What to work on:
Where the records below show a line containing "Conditions pour le", start copying; end with the line containing "Neurotherapeut", and copy it too.

Dataset entries:
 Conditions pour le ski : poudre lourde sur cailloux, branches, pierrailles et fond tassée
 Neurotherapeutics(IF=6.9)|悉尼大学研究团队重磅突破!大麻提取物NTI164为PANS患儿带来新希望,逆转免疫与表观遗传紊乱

---

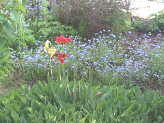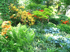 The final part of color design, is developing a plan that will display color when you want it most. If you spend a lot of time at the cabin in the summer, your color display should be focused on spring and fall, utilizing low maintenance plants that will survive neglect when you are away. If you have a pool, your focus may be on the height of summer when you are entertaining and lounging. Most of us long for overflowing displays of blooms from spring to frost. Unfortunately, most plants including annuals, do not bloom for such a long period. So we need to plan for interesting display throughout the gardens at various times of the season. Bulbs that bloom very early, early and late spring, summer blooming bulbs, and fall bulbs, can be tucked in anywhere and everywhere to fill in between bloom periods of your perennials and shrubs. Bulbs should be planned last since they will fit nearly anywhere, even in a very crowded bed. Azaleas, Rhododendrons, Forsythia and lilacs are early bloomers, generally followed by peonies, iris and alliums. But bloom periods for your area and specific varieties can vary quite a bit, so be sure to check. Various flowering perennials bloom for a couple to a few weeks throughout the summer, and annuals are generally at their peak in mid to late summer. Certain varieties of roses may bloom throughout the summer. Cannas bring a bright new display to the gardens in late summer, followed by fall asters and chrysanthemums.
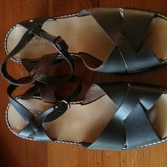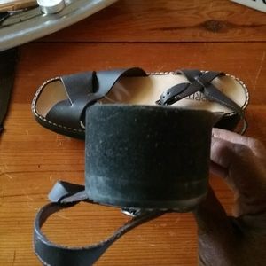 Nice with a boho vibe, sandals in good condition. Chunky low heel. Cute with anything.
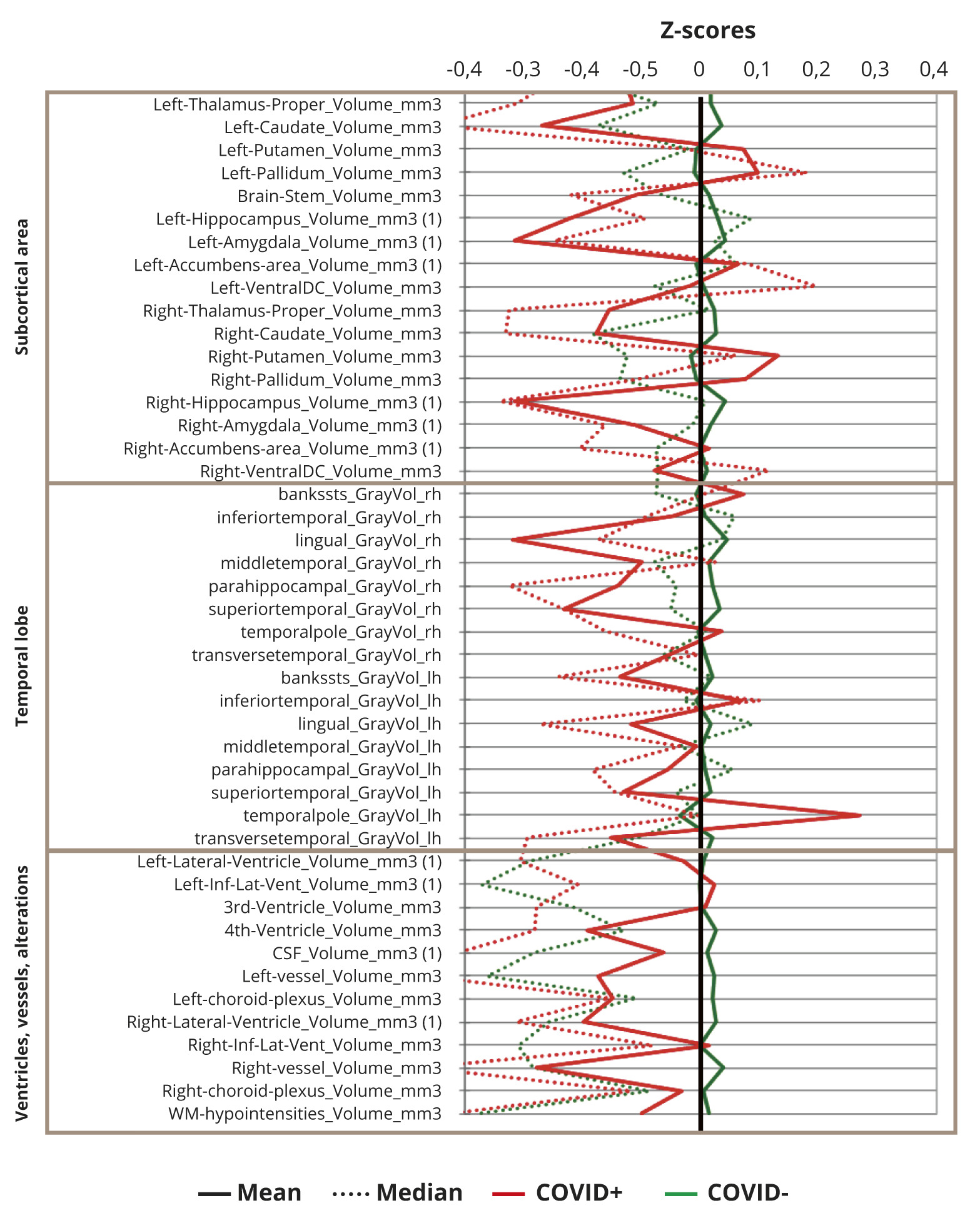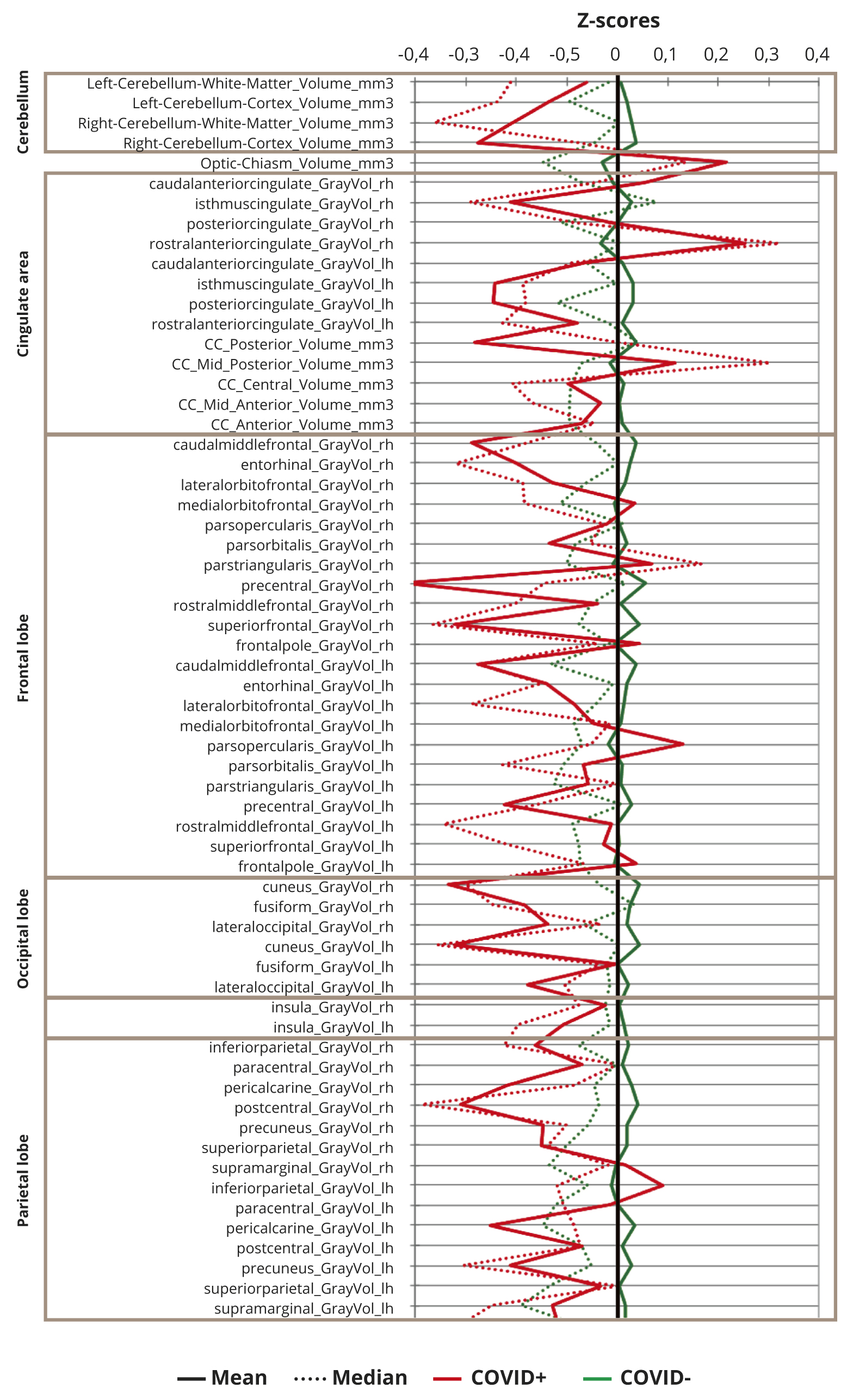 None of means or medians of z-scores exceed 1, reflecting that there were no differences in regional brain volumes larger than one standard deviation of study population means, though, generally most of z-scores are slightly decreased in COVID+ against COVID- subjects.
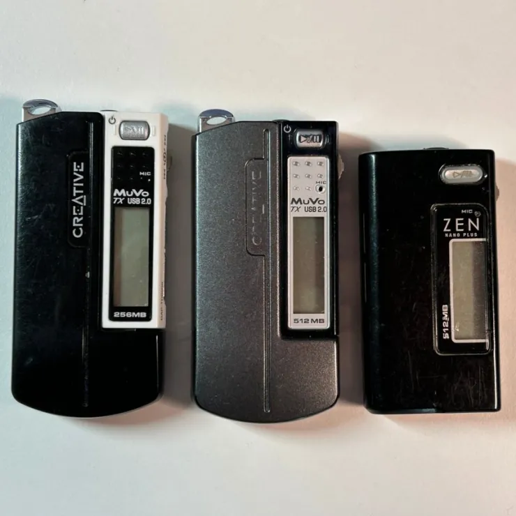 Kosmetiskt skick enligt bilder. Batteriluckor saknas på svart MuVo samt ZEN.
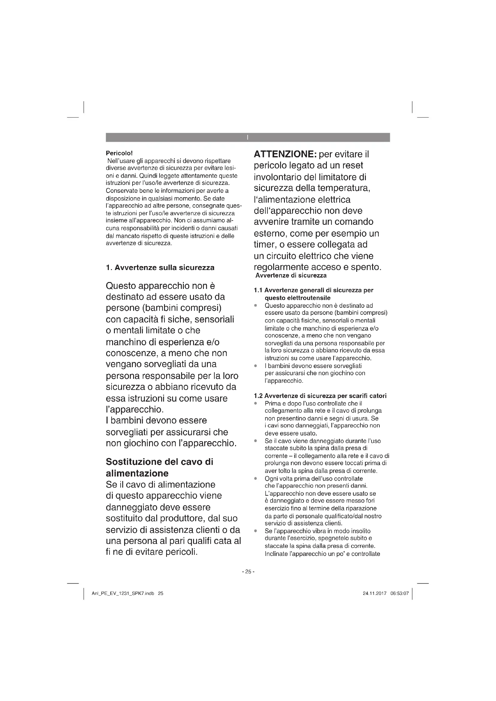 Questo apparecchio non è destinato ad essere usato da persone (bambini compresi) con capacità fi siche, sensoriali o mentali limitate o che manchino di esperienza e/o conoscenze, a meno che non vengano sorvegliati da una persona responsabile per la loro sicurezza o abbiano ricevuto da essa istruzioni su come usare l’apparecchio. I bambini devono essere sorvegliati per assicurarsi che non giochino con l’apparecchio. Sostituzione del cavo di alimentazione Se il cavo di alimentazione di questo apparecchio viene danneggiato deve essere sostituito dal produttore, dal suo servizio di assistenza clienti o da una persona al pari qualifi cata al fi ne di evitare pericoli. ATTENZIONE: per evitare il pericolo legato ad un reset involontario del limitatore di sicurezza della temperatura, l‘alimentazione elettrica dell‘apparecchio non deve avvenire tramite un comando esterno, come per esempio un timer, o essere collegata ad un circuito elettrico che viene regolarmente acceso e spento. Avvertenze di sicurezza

Answer to this exercise:
 Conditions pour le ski : poudre lourde sur cailloux, branches, pierrailles et fond tassée
 Neurotherapeutics(IF=6.9)|悉尼大学研究团队重磅突破!大麻提取物NTI164为PANS患儿带来新希望,逆转免疫与表观遗传紊乱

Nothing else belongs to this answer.